The evening ends and previews was supposed to start tomorrow but we’ve never done a run through of the show with tech so instead tomorrow will be an invited dress rehearsal but you don’t even feel ready for that.
But there are positive things. Many positive things:
Example: Even though you can’t see anything throughout the second half of the show- the lighting designer has made some brilliant choices otherwise and seems really enthused about the play which is always encouraging.
Press is coming my way:
http://www.drexel.edu/dateline/default.pl?p=releaseview&of=1&f=20060503-01http://www.broadwayworld.com/viewcolumn.cfm?colid=9395http://www.newyorktheatreguide.com/whatson/otheropening.htm (under May 17th)
http://www.dailyrecord.com/blogs/kshwiff/(there was an article in Variety on May 3rd but it requires a subscription to access it)

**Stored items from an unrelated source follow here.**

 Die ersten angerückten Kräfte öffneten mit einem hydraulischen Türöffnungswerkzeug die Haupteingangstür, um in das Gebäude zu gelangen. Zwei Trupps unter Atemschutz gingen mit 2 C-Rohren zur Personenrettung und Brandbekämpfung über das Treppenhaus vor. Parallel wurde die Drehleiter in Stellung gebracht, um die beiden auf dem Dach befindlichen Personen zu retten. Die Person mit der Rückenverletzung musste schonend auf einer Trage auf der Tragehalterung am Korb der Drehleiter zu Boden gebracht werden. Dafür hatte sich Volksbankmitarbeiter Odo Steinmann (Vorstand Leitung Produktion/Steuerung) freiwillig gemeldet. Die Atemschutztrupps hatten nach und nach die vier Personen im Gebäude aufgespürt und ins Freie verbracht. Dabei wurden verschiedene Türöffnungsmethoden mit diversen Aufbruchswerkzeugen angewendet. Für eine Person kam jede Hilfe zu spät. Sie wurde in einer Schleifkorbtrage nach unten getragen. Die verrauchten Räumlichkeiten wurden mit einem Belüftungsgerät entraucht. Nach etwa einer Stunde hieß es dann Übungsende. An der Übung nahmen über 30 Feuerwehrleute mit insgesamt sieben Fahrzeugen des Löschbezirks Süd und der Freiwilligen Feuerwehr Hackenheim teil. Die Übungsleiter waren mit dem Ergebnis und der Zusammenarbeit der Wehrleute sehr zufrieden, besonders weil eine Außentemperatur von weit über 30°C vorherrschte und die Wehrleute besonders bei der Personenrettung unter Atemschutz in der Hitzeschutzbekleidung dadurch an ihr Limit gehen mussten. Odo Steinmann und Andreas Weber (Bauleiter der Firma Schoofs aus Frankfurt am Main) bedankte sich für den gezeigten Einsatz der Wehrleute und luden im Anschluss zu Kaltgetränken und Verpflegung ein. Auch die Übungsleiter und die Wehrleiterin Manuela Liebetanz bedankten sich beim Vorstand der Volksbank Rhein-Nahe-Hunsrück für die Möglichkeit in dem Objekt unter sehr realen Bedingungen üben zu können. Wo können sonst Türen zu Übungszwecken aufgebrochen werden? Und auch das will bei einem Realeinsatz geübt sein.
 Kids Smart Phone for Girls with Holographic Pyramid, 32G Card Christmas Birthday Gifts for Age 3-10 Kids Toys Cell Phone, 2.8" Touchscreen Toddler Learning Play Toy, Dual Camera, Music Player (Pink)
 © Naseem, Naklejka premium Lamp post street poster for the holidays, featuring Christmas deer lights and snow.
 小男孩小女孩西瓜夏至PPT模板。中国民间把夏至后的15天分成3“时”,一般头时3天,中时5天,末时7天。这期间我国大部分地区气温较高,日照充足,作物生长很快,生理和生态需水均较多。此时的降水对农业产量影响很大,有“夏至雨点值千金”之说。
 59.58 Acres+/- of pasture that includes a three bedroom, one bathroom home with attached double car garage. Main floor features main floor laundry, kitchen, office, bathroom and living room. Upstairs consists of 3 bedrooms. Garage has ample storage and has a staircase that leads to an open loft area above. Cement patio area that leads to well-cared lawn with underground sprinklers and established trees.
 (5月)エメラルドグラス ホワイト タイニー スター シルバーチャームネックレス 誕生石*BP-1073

I spent a gorgeous day with some great gals (my friend Emily’s friend’s from NYU) and we went to the botanical gardens in Brooklyn and walked through prospect park.
I checked out Chinatown and had gelato in little Italy with my friend Dave.
I discovered the ghetto miscreants and the many babies that are drawn like magnets to the Imagine tile in central park. That’s a place to find characters- that’s for certain.
Oh…and…
STEVEN SONDHEIM. I should have spent an entire update talking about that experience but I guess a part of me is still processing it. I dolled up and attended the YPI benefit featuring a cocktail party at a really Ritzy manhattan house (yes, a house in Manhattan-dappled with art and about three stories near the Metropolitan museum.) I was given the serious task, along with Kit Steinkillner (one of the other playwrights) to introduce Steven Sondheim. So after some schmoozing, Kit and I came up with a spiel which was later very well received. Sondheim even teared up a bit. And I did get to meet him at a dinner following the event. The cocktail party ended with Sondheim playing piano and Bernadette Peter’s singing followed by a Q & A. For dinner we moved to another really fancy home and that’s where I met John McNamara who is really an incredibly enjoyable individual to talk to. And I did get to talk with Sondheim and Bernadette and get their autographs and a picture with them. This was not out of line as I was a guest of honor and a young playwright. Everybody else paid 1,000 for the cocktail party and 5,000 dollars for the dinner. It was a highly enviable event and apparently there were multitudes of theatre message boards offering up their mother’s to white slavery to be there.
So, apparently going to the dentist at Disneyland doesn’t mean you don’t get to ride some crazy awesome rides even if it does mean getting a few teeth pulled here and there.
Even if tonight is rough, I know it’ll all be pulled together and a lot of my creative tiffs are probably superficial against the entire picture.